[Aim of the exercise] Omit every picture, then return each line of the data below exactly.

[Data section]
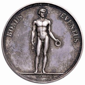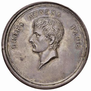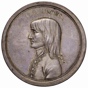 MEDAGLIA IN ARGENTO PER IL RITORNO IN FRANCIA DI BONAPARTE 1799 Ar gr. 16,10 mm. 32 Busto a s. R/ Figura umana [..]
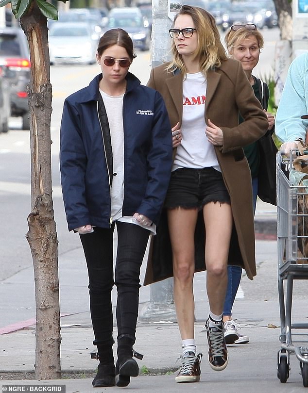 Chân dài Anh Cara Delevingne và bạn gái LGBT Ashley Benson cũng đi cùng nhau
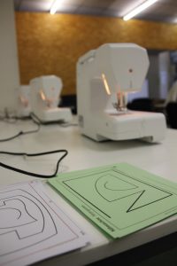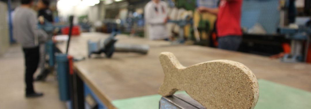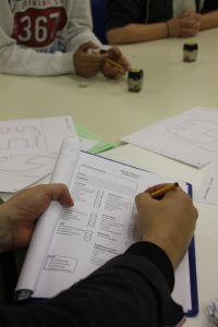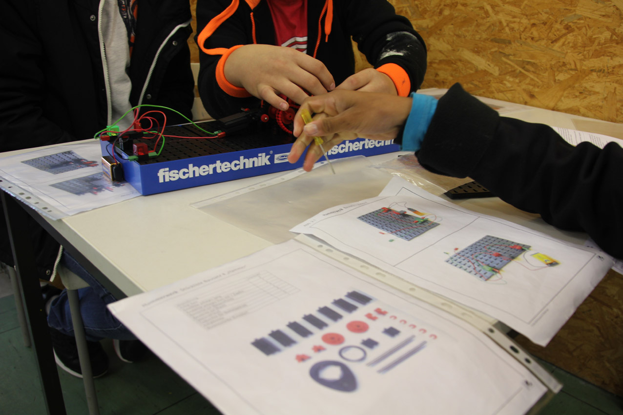 Eine Konstruktionsaufgabe mit Fischertechnik, Raspeln und Feilen eines Fisches aus Holz, exaktes Löchern von Figuren mit der Nähmaschine, Fortführen von Linien mit dem Bleistift und das genaue Schneiden von Pappe mit Cutter-Messern standen ebenso auf dem Programm wie die CNC-Steuerung von Konturen in einem Koordinatensystem am PC und das gemeinsame Erstellen eines Turms aus Pappe und Klebeband auf Zeit.

[Solution to this exercise]
 MEDAGLIA IN ARGENTO PER IL RITORNO IN FRANCIA DI BONAPARTE 1799 Ar gr. 16,10 mm. 32 Busto a s. R/ Figura umana [..]
 Chân dài Anh Cara Delevingne và bạn gái LGBT Ashley Benson cũng đi cùng nhau
 Eine Konstruktionsaufgabe mit Fischertechnik, Raspeln und Feilen eines Fisches aus Holz, exaktes Löchern von Figuren mit der Nähmaschine, Fortführen von Linien mit dem Bleistift und das genaue Schneiden von Pappe mit Cutter-Messern standen ebenso auf dem Programm wie die CNC-Steuerung von Konturen in einem Koordinatensystem am PC und das gemeinsame Erstellen eines Turms aus Pappe und Klebeband auf Zeit.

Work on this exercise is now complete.